When talking about the concavity of a graph, the term 'concave up' refers to regions where the graph of a function curves upward, resembling a U-shape. This shape indicates that the slope of the tangent line is increasing as you move from left to right along the graph.

In the context of our function \(f(x)=(x+2)^{5 / 3}\), we determine the concavity by looking at the sign of the second derivative. Since \(f''(x)\) is positive except where it is undefined at \(x = -2\), the graph is concave up everywhere except at this singular point, which we cannot include in the domain of \(f(x)\).

Visualizing Concavity

One method to visualize this is to think of drawing the graph from left to right; as you 'pull' the pencil upwards, you are creating a 'hill' shape, indicative of concave up.

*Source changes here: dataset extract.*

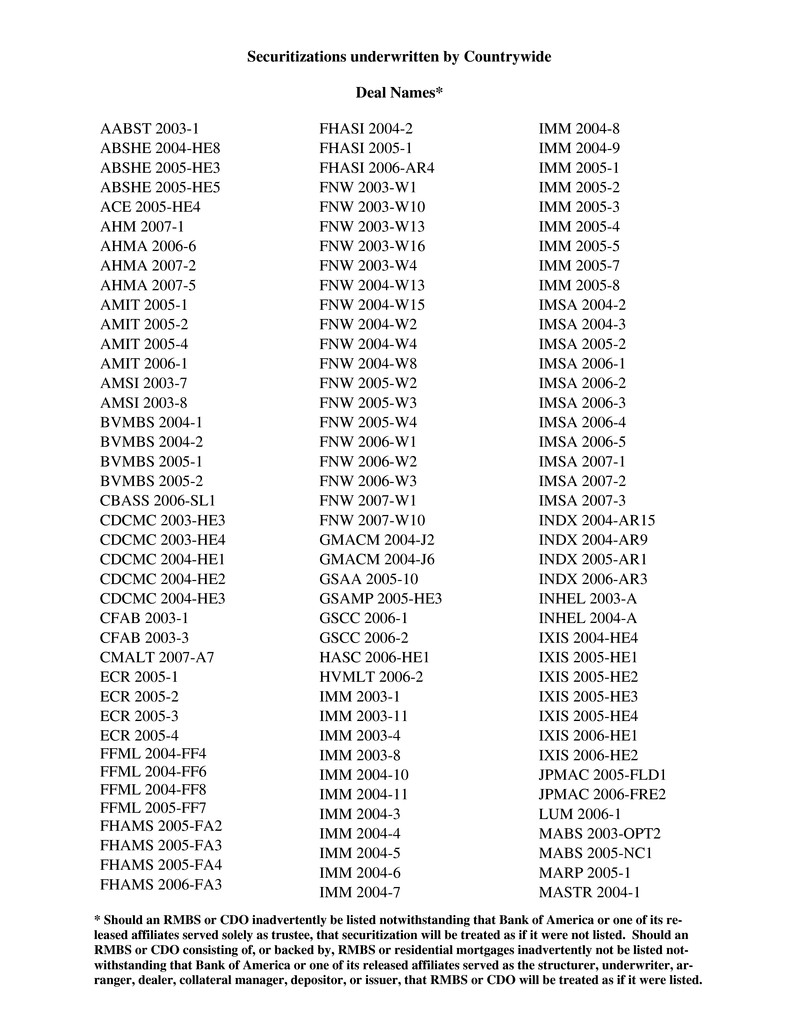 Securitizations underwritten by Countrywide Deal Names* * Should an RMBS or CDO inadvertently be listed notwithstanding that Bank of America or one of its re- leased affiliates served solely as trustee, that securitization will be treated as if it were not listed. Should an RMBS or CDO consisting of, or backed by, RMBS or residential mortgages inadvertently not be listed not- withstanding that Bank of America or one of its released affiliates served as the structurer, underwriter, ar- ranger, dealer, collateral manager, depositor, or issuer, that RMBS or CDO will be treated as if it were listed. AABST 2003-1 ABSHE 2004-HE8 ABSHE 2005-HE3 ABSHE 2005-HE5 ACE 2005-HE4 AHM 2007-1 AHMA 2006-6 AHMA 2007-2 AHMA 2007-5 AMIT 2005-1 AMIT 2005-2 AMIT 2005-4 AMIT 2006-1 AMSI 2003-7 AMSI 2003-8 BVMBS 2004-1 BVMBS 2004-2 BVMBS 2005-1 BVMBS 2005-2 CBASS 2006-SL1 CDCMC 2003-HE3 CDCMC 2003-HE4 CDCMC 2004-HE1 CDCMC 2004-HE2 CDCMC 2004-HE3 CFAB 2003-1 CFAB 2003-3 CMALT 2007-A7 ECR 2005-1 ECR 2005-2 ECR 2005-3 ECR 2005-4 FFML 2004-FF4 FFML 2004-FF6 FFML 2004-FF8 FFML 2005-FF7 FHAMS 2005-FA2 FHAMS 2005-FA3 FHAMS 2005-FA4 FHAMS 2006-FA3 FHASI 2004-2 FHASI 2005-1 FHASI 2006-AR4 FNW 2003-W1 FNW 2003-W10 FNW 2003-W13 FNW 2003-W16 FNW 2003-W4 FNW 2004-W13 FNW 2004-W15 FNW 2004-W2 FNW 2004-W4 FNW 2004-W8 FNW 2005-W2 FNW 2005-W3 FNW 2005-W4 FNW 2006-W1 FNW 2006-W2 FNW 2006-W3 FNW 2007-W1 FNW 2007-W10 GMACM 2004-J2 GMACM 2004-J6 GSAA 2005-10 GSAMP 2005-HE3 GSCC 2006-1 GSCC 2006-2 HASC 2006-HE1 HVMLT 2006-2 IMM 2003-1 IMM 2003-11 IMM 2003-4 IMM 2003-8 IMM 2004-10 IMM 2004-11 IMM 2004-3 IMM 2004-4 IMM 2004-5 IMM 2004-6 IMM 2004-7 IMM 2004-8 IMM 2004-9 IMM 2005-1 IMM 2005-2 IMM 2005-3 IMM 2005-4 IMM 2005-5 IMM 2005-7 IMM 2005-8 IMSA 2004-2 IMSA 2004-3 IMSA 2005-2 IMSA 2006-1 IMSA 2006-2 IMSA 2006-3 IMSA 2006-4 IMSA 2006-5 IMSA 2007-1 IMSA 2007-2 IMSA 2007-3 INDX 2004-AR15 INDX 2004-AR9 INDX 2005-AR1 INDX 2006-AR3 INHEL 2003-A INHEL 2004-A IXIS 2004-HE4 IXIS 2005-HE1 IXIS 2005-HE2 IXIS 2005-HE3 IXIS 2005-HE4 IXIS 2006-HE1 IXIS 2006-HE2 JPMAC 2005-FLD1 JPMAC 2006-FRE2 LUM 2006-1 MABS 2003-OPT2 MABS 2005-NC1 MARP 2005-1 MASTR 2004-1

Potential inflection points are points on the graph where the concavity may change from up to down or vice versa. They occur at values of \(x\) where the second derivative is zero or undefined, indicating a possible change in curvature.

To find potential inflection points, we set the second derivative equal to zero and solve for \(x\). In our exercise step three, the equation \(f''(x) = \frac{10}{9}(x+2)^{-1/3} = 0\) had no real solutions, indicating that there are no inflection points. It is worth noting, though, the importance of checking not only where \(f''(x) = 0\), but also where \(f''(x)\) is undefined, as inflection points can occur there as well. In the case of \(f(x)\), the function is undefined at \(x = -2\), but this does not constitute an inflection point as the concavity does not change on either side of this point.